“Qual a importância de se praticar a Tensegridade, a recapitulação e fazer todas as coisas que você aconselha? Qual é o ganho? Sou uma mulher de meia-idade com três filhos em idade escolar; meu casamento não é tão estável assim; estou muito acima do peso. Não sei o que fazer.”
De novo, tal como nos outros casos que relatei anteriormente, esta não é uma nova questão para mim. Apresentei minha própria versão disso incontáveis vezes para Don Juan. Havia dois níveis de abstração aos quais ele se referia toda vez que respondia a questões como esta, colocadas por mim ou por qualquer outro de seus discípulos — sei que todos eles fizeram a mesma pergunta em algum momento, com o mesmo espírito de desesperança, abatimento e inutilidade.
No primeiro nível, o das praticidades, Don Juan destacava que a execução dos passes mágicos, por si mesma, conduz o praticante a um incomparável estado de bem-estar. “O benefício físico e mental que resulta da execução sistemática dos passes mágicos”, ele costumava dizer, “é tão evidente que qualquer discussão sobre seus efeitos é irrelevante. O que se precisa fazer é praticar incessantemente para só então considerar a utilidade ou a inutilidade de tudo isso.”
Eu estava na mesma situação dos outros discípulos de Don Juan ou da pessoa que me colocou essa questão. Eu sentia e acreditava que não estava qualificado para o caminho do guerreiro, pois meus defeitos eram exorbitantes. Quando Don Juan me perguntava quais eram meus defeitos, eu me via como um resmungão, incapaz de descrever aquelas falhas que me afligiam tão profundamente. Eu me justifiquei de tudo isso ao dizer para ele que tinha uma sensação de derrota que parecia ser a marca de toda a minha vida. Eu me via como um campeão em realizar coisas idiotas que nunca me levaram a lugar algum. Este sentimento foi expresso por meio de dúvidas e tribulações, além de uma necessidade sem fim de justificar todas as coisas que eu fazia. Sabia que eu era fraco e indisciplinado em áreas que não interessavam a Don Juan.
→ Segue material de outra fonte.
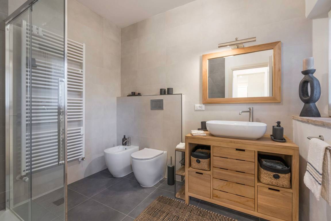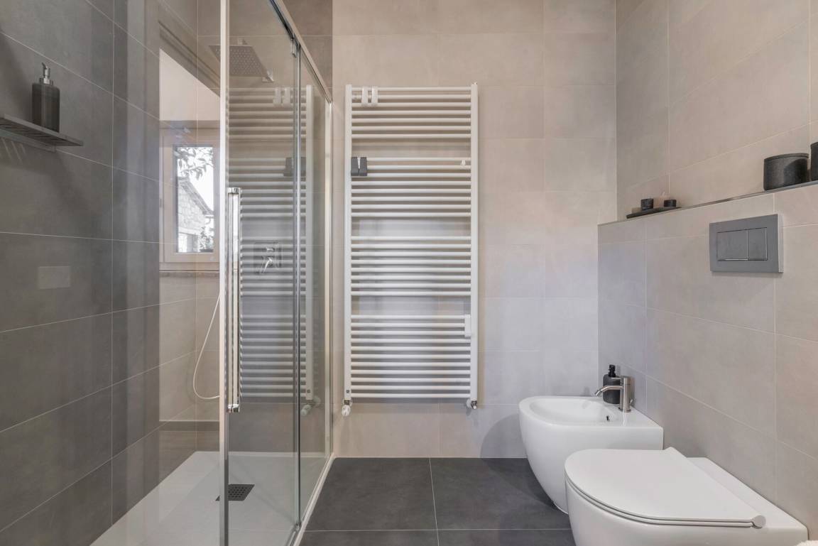 Badezimmer: Waschbecken, WC, Bidet, Dusche, Fön, WiFi Internet.

Meu senso de derrota foi a consequência natural desta contradição. Quando eu afirmei e reafirmei minhas dúvidas para ele, Don Juan destacou que o pensamento obsessivo sobre si mesmo era a coisa mais cansativa que ele conhecia.
“Pensar somente sobre si mesmo”, ele me disse uma vez, “produz uma fadiga estranha; a mais esmagadora e sufocante fadiga.”
Conforme os anos se passaram, eu vim a entender e aceitar completamente as observações de Don Juan. Minha conclusão, tal como a conclusão de todos os discípulos, é que a primeira coisa que se deve fazer é tornar-se consciente da preocupação excessiva com o eu. Outra conclusão foi que o único meio de conseguir energia suficiente para superar essa preocupação — algo que não pode ser atingido intelectualmente — é praticando os passes mágicos. Tal prática gera energia, e a energia realiza maravilhas. Se a execução dos passes mágicos é mesclada com o que os feiticeiros chamam de recapitulação — a visão e revisão sistemática das experiências de vida —, a chance de superar a base da autorreflexão se multiplica.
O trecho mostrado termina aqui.